» Task goal: Return exactly those lines of the material below that fall between the line holding "싱글 브레스티드 코트, 울, 펠트, 솔리드" and the line holding "A refreshing lemon", inclusive.
━━━ Records for the task ━━━
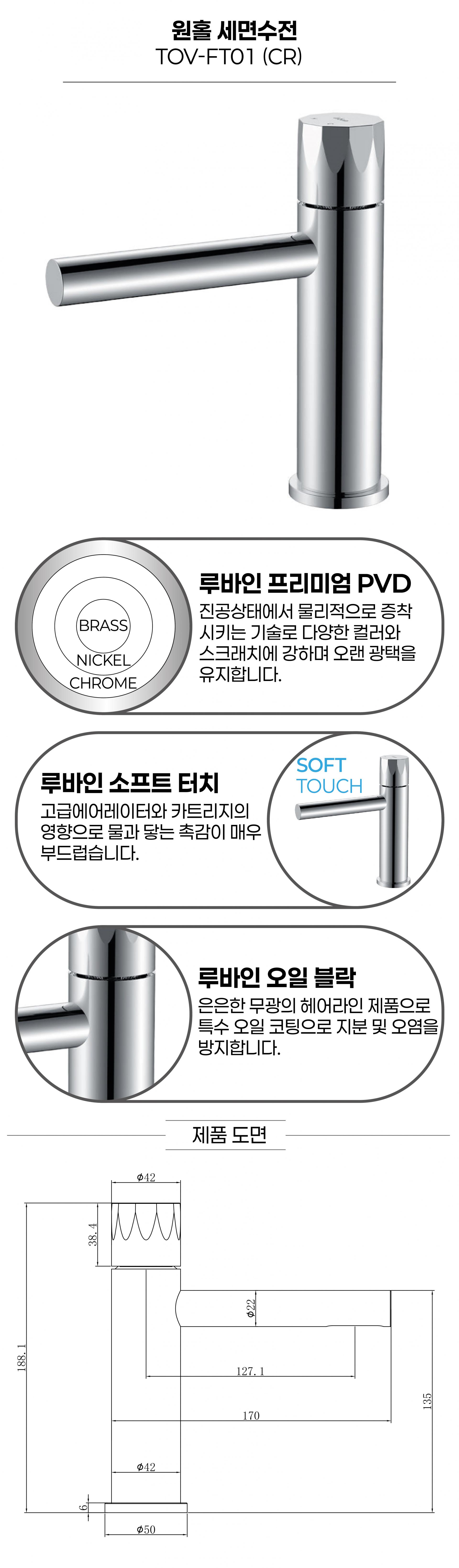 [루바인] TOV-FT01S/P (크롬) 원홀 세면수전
━━━
━━━ Records for the task ━━━
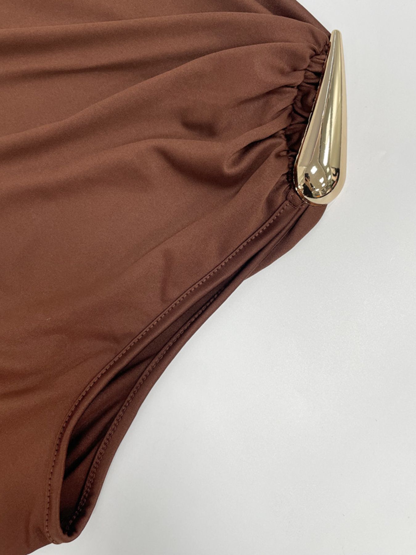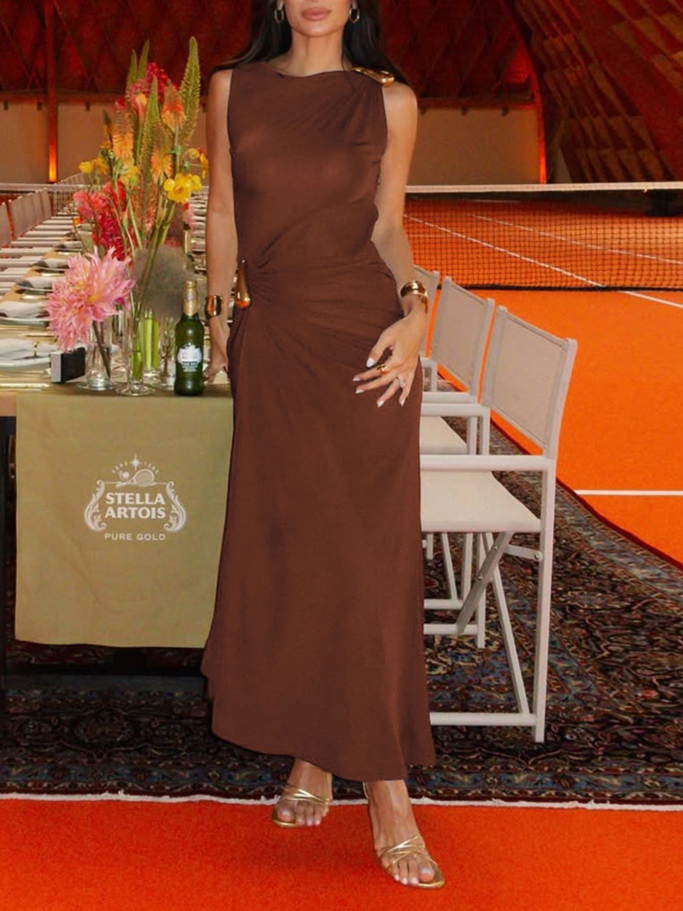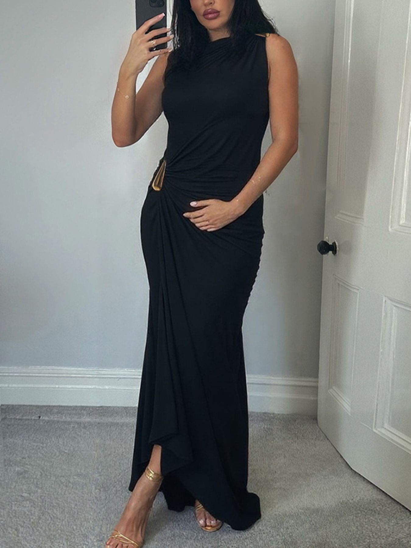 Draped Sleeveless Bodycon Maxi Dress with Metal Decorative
━━━
━━━ Records for the task ━━━
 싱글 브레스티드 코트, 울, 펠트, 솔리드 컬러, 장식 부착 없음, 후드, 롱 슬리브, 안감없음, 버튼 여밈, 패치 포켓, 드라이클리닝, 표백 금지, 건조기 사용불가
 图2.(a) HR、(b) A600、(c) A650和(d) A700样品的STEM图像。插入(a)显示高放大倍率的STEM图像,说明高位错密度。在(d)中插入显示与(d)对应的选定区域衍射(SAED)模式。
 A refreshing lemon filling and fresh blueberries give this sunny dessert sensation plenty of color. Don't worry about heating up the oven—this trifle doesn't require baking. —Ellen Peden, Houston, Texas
━━━
» Finished task:
 싱글 브레스티드 코트, 울, 펠트, 솔리드 컬러, 장식 부착 없음, 후드, 롱 슬리브, 안감없음, 버튼 여밈, 패치 포켓, 드라이클리닝, 표백 금지, 건조기 사용불가
 图2.(a) HR、(b) A600、(c) A650和(d) A700样品的STEM图像。插入(a)显示高放大倍率的STEM图像,说明高位错密度。在(d)中插入显示与(d)对应的选定区域衍射(SAED)模式。
 A refreshing lemon filling and fresh blueberries give this sunny dessert sensation plenty of color. Don't worry about heating up the oven—this trifle doesn't require baking. —Ellen Peden, Houston, Texas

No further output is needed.